LinkedIn’s user database was leaked online a while ago, now usernames and passwords are for sale in the dark net. LinkedIn were not the first, nor the last to have their user database stolen, and published online.
Companies go to great lengths to protect their databases from outside intrusion; but what about the disgruntled employee? Your best friend had root access to the system, but when things went sour, he had already made a copy of the database (just in case), and so when he was finally let go, he decided to post the database snapshot online.
In the terrible old days, the database would contain the username and password in plaintext, so you’d see something like this:
User | Pass
----------+-------
Morten | 123456
Then someone thought to encrypt the passwords, but the disgruntled employee has access to the key and the algo used, so he could just post that information online as well. A tell-tale sign of such a (horrific) implementation is that the system sends your password to your email address if you forget it, instead of the usual reset password email that you get today.
These days we do salted hashes to make it hard to determine the passwords if the database is compromised. The basic idea is that you no longer store the password, but instead store the result of a hash function. When the user provide their password, the system combines the password with another value and computes the resulting hash value. This value is then compared to the value stored in the database, if they match the user gets access. Since the user database contains the RESULT of a computation, there is “no way” to deduce the original password from the hash value stored in the database.
Here is a very simple example:
Say we only allow 4 digits as our password, and our hash is simply to add the numbers together (this is a TERRIBLE hashing function!), but this will serve as an example.
So the user has a pin of 1234, and for this user we have made a salt value of 3333.
So the user enters 1234, we then append the salt, so we get 12343333, then hash that value (1+2+3+4+3+3+3+3 = 22), so we store 22 in the database.
User | Salt | Hash
----------+------+-----
Morten | 3333 | 22
Now, say someone tries to use my account, and attempted to gain access. He then enters 1111 as the PIN. The system then computes the hash (1+1+1+1+3+3+3+3 = 16). The hash computed (16) is then compared to the value in the database (22), since they don’t match, the user is denied access.

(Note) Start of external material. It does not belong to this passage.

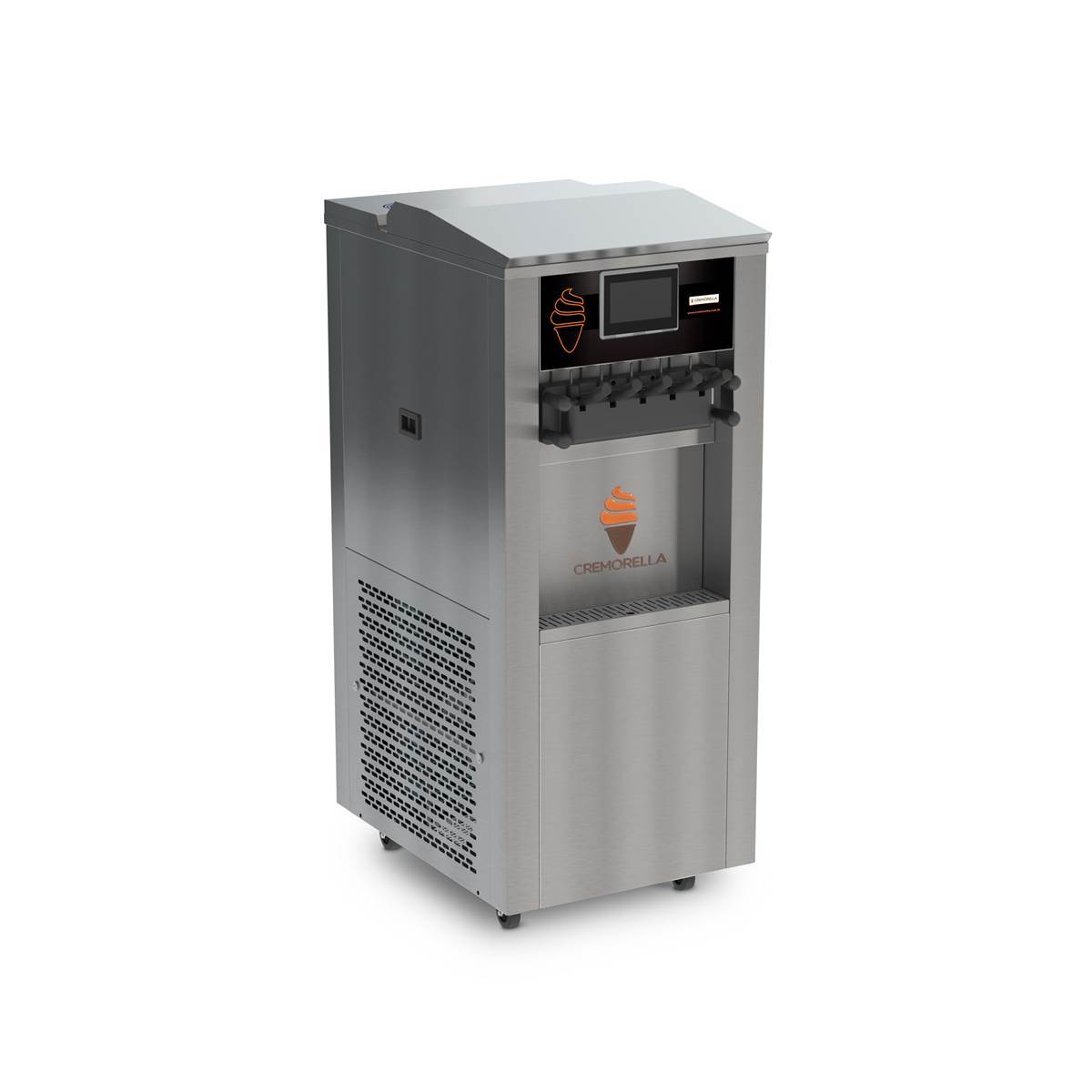 The Cremorella MSC600 is a high-capacity soft serve ice cream and açaí machine designed for demanding operations. It produces up to 600 cones per hour and can serve up to 5 flavors, with 3 individual flavors and 2 mix combinations. Equipped with three 3.17-gallon (12 L) hoppers and three 0.47-gallon (1.8 L) cylinders, it ensures efficient refrigeration with independent motors for each cylinder. Operation is managed through a digital touchscreen, allowing different consistencies for ice cream, açaí, or yogurt. The MSC600 also includes low-mix sensors, individual gearboxes, and advanced cooling control. Built with a vertical stainless-steel design, it is ideal for ice cream parlors, bakeries, restaurants, and high-demand businesses.

The observant reader will have realized that if I know the salt it will be simple to find a combination of PIN that will give us the desired result (22). 4321 would work and grant us access, so even if I don’t have exactly the same PIN we will get access just the same.
This is primarily because the hash function is so terrible; so you do not use idiotic hash functions, but pick some that are generally accepted as being “good”, for example MD5 is widely used. So when you use good hash functions, the likelihood of 2 PINS given the same hash is very small. This means that you have to try a lot of combinations to find a combination where function ( guess, known_salt ) == hash. But computers are happy to try a lot of combinations, and the number of combinations can be greatly reduced by using “rainbow tables”. These are tables of known, often used passwords, usually retrieved from other hacks, and while this doesn’t give us all the passwords, it usually breaks enough accounts for whatever purpose is needed. We might also want to target just one account in the DB, and try a much wider range of passwords.
Someone might argue that since I don’t have the hashing algo used I will be unable to set up my little script to run through the rainbow table, but this could have been leaked as well. Even if it wasn’t there might be known accounts in the database, where I will be able to try different hashes with a known username, password and salt.
If you are in the “same password everywhere” camp, then you are SOL. Even if the blog comes clean and discloses that they have been compromised, it is too late. Changing the password on the blog does not remove the password in the leaked database.